Als Nina zur Welt kam, hatte ich zum ersten Mal wirklich das Gefühl, dass mein Leben einen Sinn hat. Ich hatte vorher keine Vorstellung davon, wie es ist, wenn man einen Menschen vor sich hat, der von einem selbst abstammt. Und wenn man stirbt, bleibt etwas von einem in dieser Welt zurück. Man stirbt gar nicht richtig.

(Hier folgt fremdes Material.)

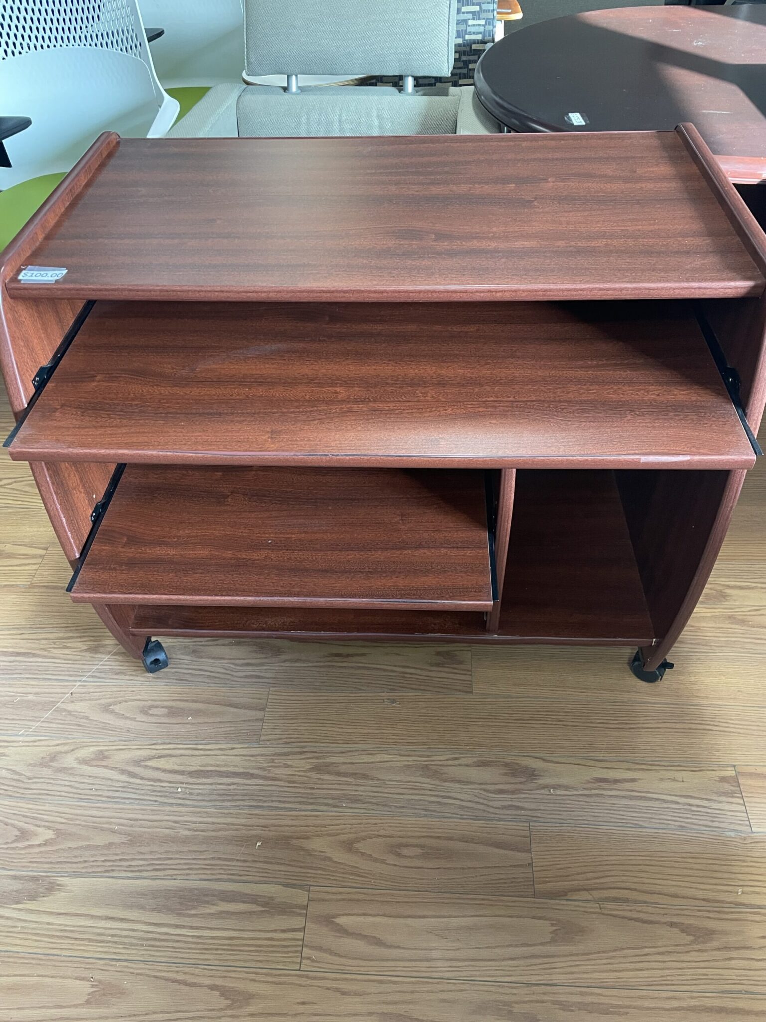 Used mahogany coloured laminate rolling desk unit with pull out keyboard and lower shelf. 37″ tall sides with work surface of 20″ x 32″ on casters. Great value at $100.00 plus hst~

Konservatismus ist meiner Ansicht nach zum Teil auch nur die Angst vor dem Tod. Was bewahrt der Konservatismus? Die jetzige Ordnung. Es hat bestimmt mit dem Wunsch nach der Ewigkeit zu tun. Man will alles bewahren, man häuft Dinge und Besitz an, um den Schein zu wahren, dass es den Tod vielleicht doch nicht gibt. Den Wunsch nach der Ewigkeit hat ja nicht nur Ozzy, sondern den haben wir alle. Ich habe jetzt lange und ausführlich mit ihm über dieses Thema geredet und er hat mir die buddhistische Auffassung vom Leben und Sterben vermittelt, die ihn selbst am meisten geprägt hat, wie er sagt. Als ich ihn nach einem Buch fragte, nannte er Sogyal Rinpoche: DAS TIBETISCHE BUCH VOM LEBEN UND VOM STERBEN, das ich gerade lese. Der Dalai Lama hat das Vorwort geschrieben. Es ist eine umfangreiche und gut geschriebene Einführung in die Thematik für westliche Leser und beeindruckt mich.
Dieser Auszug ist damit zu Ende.